# BTU Input?



## Todd (Jul 17, 2013)

My Jotul GF 300 DV has a max BTU input of 26,000 so does that mean at 100% efficiency it will give me those BTU's? What can I really expect?

I might install this in my 1000sq ft finished walkout basement, think it will do the job? I'm just looking to keep the basement 60-65 and turn it up as needed when were down there. Thanks


----------



## DAKSY (Jul 17, 2013)

Todd said:


> My Jotul GF 300 DV has a max BTU input of 26,000 so does that mean at 100% efficiency it will give me those BTU's? What can I really expect?
> 
> I might install this in my 1000sq ft finished walkout basement, think it will do the job? I'm just looking to keep the basement 60-65 and turn it up as needed when were down there. Thanks


 
Yep. Your Allagash is rated at about 73% so .73 x 26K = appx 19K BTU (OUTPUT). If you know out how many sf you're going to heat, that 19K number will tell you how many BTUs you'll get per sf...19K/1K = 19 BTU/sf...might a little low, depending on where you are & how well insulated the area is...In upstate NY we figure 30BTU/sf min. with REALLY good insulation...


----------



## Todd (Jul 17, 2013)

Thanks DAKSY, I thought it might be a little small to take care of 1000 sq ft but I'll probably have 300 sq ft of that closed off so it may work out.
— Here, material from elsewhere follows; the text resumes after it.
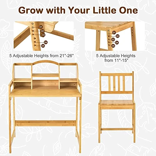 - HEIGHT ADJUSTABLE: Both desk and chair are height adjustable to keep up with your fast growing kids,
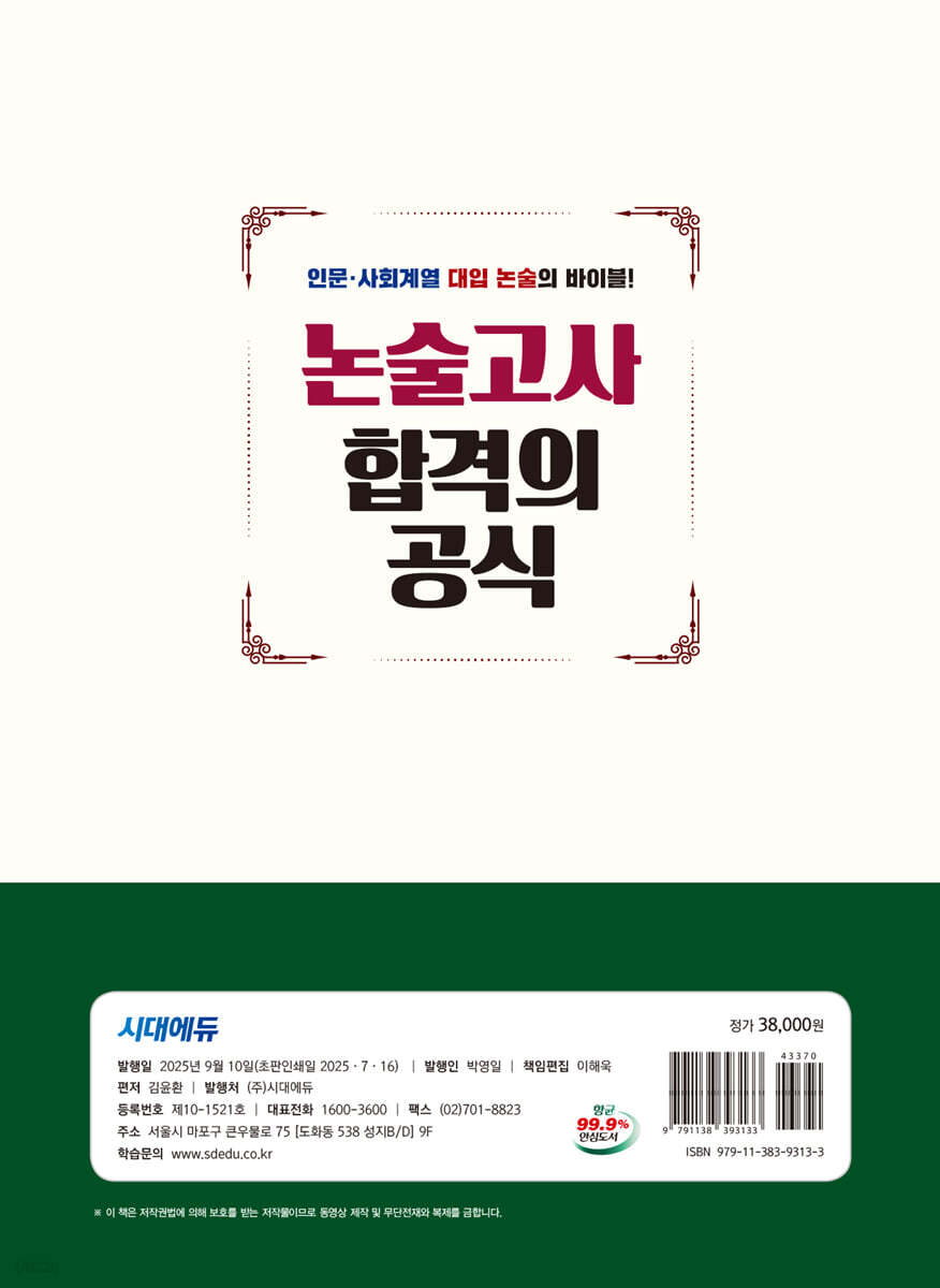 PART 1 논술 톺아보기 CHAPTER 1 개요 작성론 1. 개요 작성의 일반적인 단계 2. 합격 선배가 전하는 ‘개요 작성의 팁’ 3. 서로 다른 두 가지 스타일의 개요 구성 CHAPTER 2 독해 방법론 단계별 독해법 PART 2 논술 유형 점검하기 CHAPTER 1 요약 유형 정복하기 1. 요약 유형을 정복하는 단계별 접근법 2. 실전 문제로 감각 익히기 3. 실전 문제 답안 확인하기 4. 실전 적용 Tip으로 최종 정리하기 CHAPTER 2 비교 유형 정복하기 1. 비교 유형을 정복하는 단계별 접근법 2. 비교 제시문의 대표 유형 3. 실전 문제로 감각 익히기 4. 실전 문제 답안 확인하기 5. 실전 적용 Tip으로 최종 정리하기 CHAPTER 3 평가 유형 정복하기 1. 평가 유형이란? 2. 평가 유형 답안의 기본 구조 3. 평가 유형 문제에서 주의할 부분 4. 실전 문제로 감각 익히기 5. 실전 문제 답안 확인하기 6. 실전 적용 Tip으로 최종 정리하기 CHAPTER 4 대안 논증 유형 정복하기 1. 대안 논증 유형이란? 2. 대안 논증 유형을 정복하는 단계별 접근법 3. 실전 문제로 감각 익히기 4. 실전 문제 답안 확인하기 5. 실전 적용 Tip으로 최종 정리하기 CHAPTER 5 자료 해석 유형 정복하기 1. 도표 분석의 기본 접근 단계 2. 실전 문제로 감각 익히기 3. 실전 문제 답안 확인하기 4. 실전 적용 Tip으로 최종 정리하기 [제2권 ┃ 실전 대비편] PART 1 대학별 최신 기출문제 CHAPTER 1 2025학년도 기출문제 경희대학교 고려대학교 서강대학교 성균관대학교 연세대학교 CHAPTER 2 2024학년도 기출문제 경희대학교 고려대학교 서강대학교 성균관대학교 연세대학교 PART 2 논술 뛰어넘기 CHAPTER 1 김윤환T 선정 핵심 기출문제 경희대학교 고려대학교 서강대학교 성균관대학교 연세대학교 CHAPTER 2 출제 예상 문제 고려대학교 연세대학교 |

Basement is insulated with 1" foam board, located in western WI.


----------



## Ironhorse74 (Jul 24, 2013)

I do not like the square footage ratings on stoves. At 75% efficient I like 4 btu's per square foot in new tight construction and 6 btu's per square foot in older, not as airtight construction.

Peace

Brad


----------



## DAKSY (Jul 25, 2013)

Ironhorse74 said:


> I do not like the square footage ratings on stoves. At 75% efficient I like 4 btu's per square foot in new tight construction and 6 btu's per square foot in older, not as airtight construction.
> 
> Peace
> 
> Brad


 
I really don't like em myself. I crab's butt tight house in North Carolina is a whole lot different than one in Maine...


----------



## Ironhorse74 (Jul 25, 2013)

DAKSY said:


> I really don't like em myself. I crab's butt tight house in North Carolina is a whole lot different than one in Maine...


 

I reread my post and realized I screwed it up. 4 btu's per cubic foot in new construction and 6 btu's per cubic foot in old construction.


----------



## DAKSY (Jul 25, 2013)

With 8 ft ceilings, your numbers are the roughly the same as mine. The rule of thumb we use here (NY) is 30 BTU/Sf Good insulation, 40 avg insulation & 50 poor insulation...Just a guideline. Nothing scientific, but the numbers will get you close...


----------